**Record excerpts**
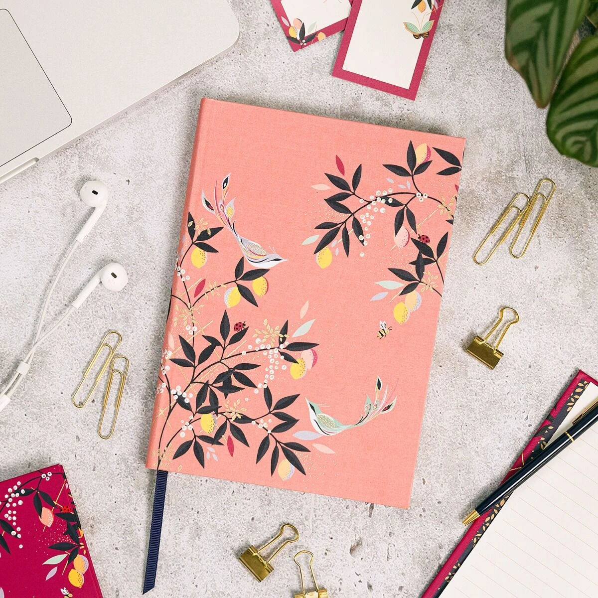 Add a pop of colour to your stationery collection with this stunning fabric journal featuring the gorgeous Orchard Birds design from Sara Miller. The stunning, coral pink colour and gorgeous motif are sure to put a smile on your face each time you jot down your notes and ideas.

==

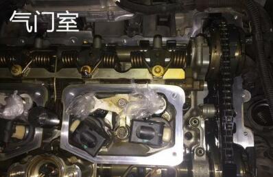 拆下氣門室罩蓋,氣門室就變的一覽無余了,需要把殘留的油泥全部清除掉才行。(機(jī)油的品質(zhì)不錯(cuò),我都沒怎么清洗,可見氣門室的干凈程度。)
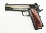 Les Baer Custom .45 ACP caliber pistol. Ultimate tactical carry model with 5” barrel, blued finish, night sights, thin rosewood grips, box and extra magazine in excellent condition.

**What the task asks**
Your reply should consist solely of the lines above from the line containing "拆下氣門室罩蓋,氣門室就變的" up to and including the line containing "Les Baer Custom", reproduced exactly, minus the pictures.

**Answer for this exercise**
 拆下氣門室罩蓋,氣門室就變的一覽無余了,需要把殘留的油泥全部清除掉才行。(機(jī)油的品質(zhì)不錯(cuò),我都沒怎么清洗,可見氣門室的干凈程度。)
 Les Baer Custom .45 ACP caliber pistol. Ultimate tactical carry model with 5” barrel, blued finish, night sights, thin rosewood grips, box and extra magazine in excellent condition.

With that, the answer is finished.